Religion and spirituality on occasion have endorsed racism and fostered it. Consider new age writings that demonise certain races such as Isis Unveiled. And there is the Book of Mormon where the Indian's dark skin is down to a curse from God. Consider how Jesus said the Jewish people of his time preached hate of enemy. He would not help a Lebanese woman's little child who had a demon. The text says it was an impure spirit so it was probably tempting the girl or possessing her or both. He refused basic spiritual aid to a child for her race though it only took less time than it took for him to tell the woman she was a dog and that he had to give the bread to the Jews not to the likes of her. He helped in the end which was just racist virtue-signalling. He was not even in ministry at the time for the text says he was having a break and the woman found him by chance so he was trying to argue that he had to focus on giving the Jews freedom from demons. It was a shameless excuse. The story appears in Mark's gospel where Jesus gives no real new teaching and in fact very little teaching but he was able to step out of character to deliver a malicious teaching to a suffering woman.
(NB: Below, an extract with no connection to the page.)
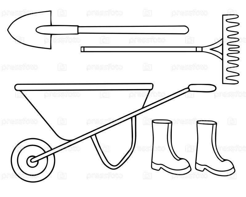 Набор садовых инструментов рисует векторные элементы. Ручная лопата, грабли, лейка, резиновые сапоги, тачка, изолированная на белом. Векторная иллюстрация
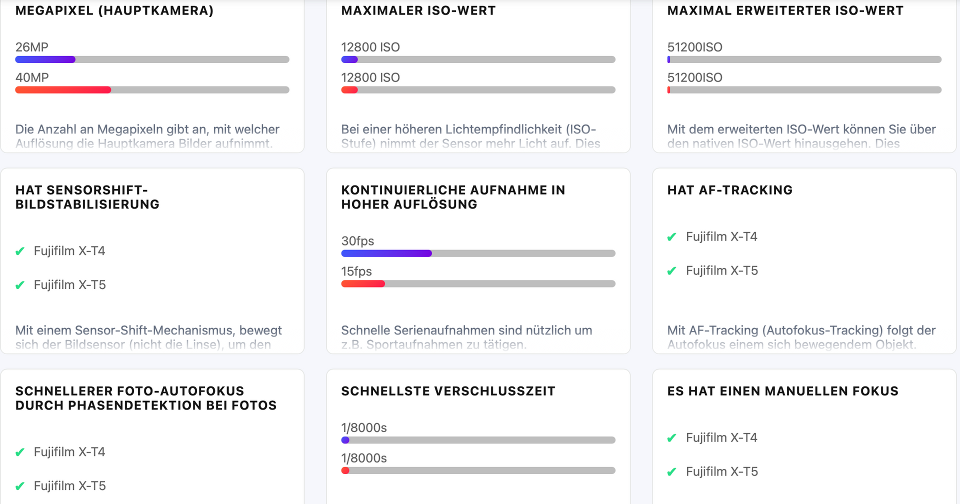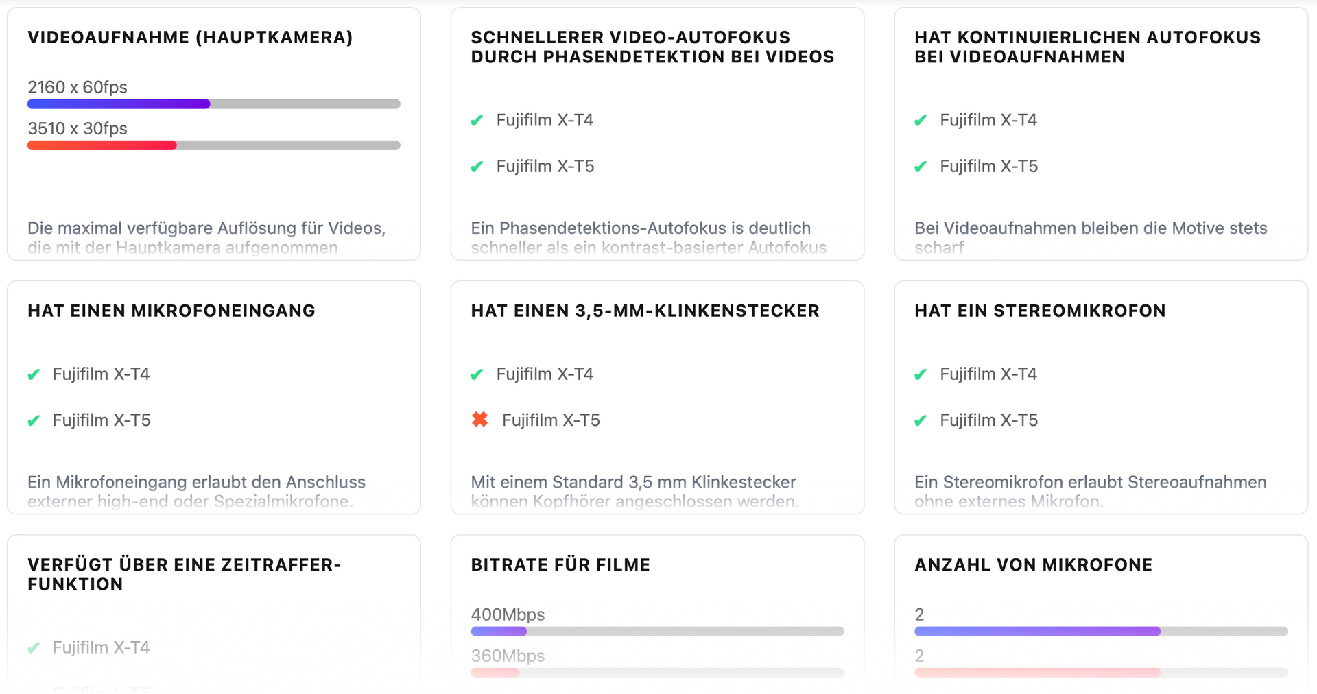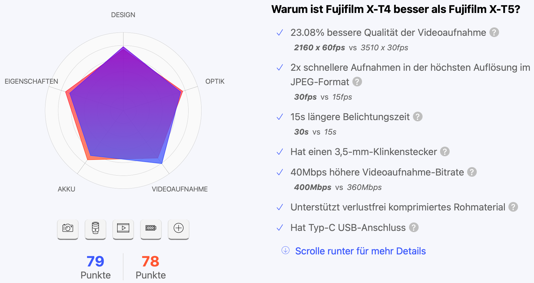 Die Zahlen sprechen für sich – nämlich nahezu ausnahmslos für die X-T4 (in Blau dargestellt).

Strong opposition to respect and celebration of bigots and racists and war mongers is a must. No debate.  The man of his time thing is a justification for not pulling down the current consequences of such a person's actions.  It is a justification for the culture being oppressive.  Take Jesus as a good example and Muhammad.  They are called men of their time and nobody realises their religions need dismantling and it is honouring their errors and evils by neglecting to do so.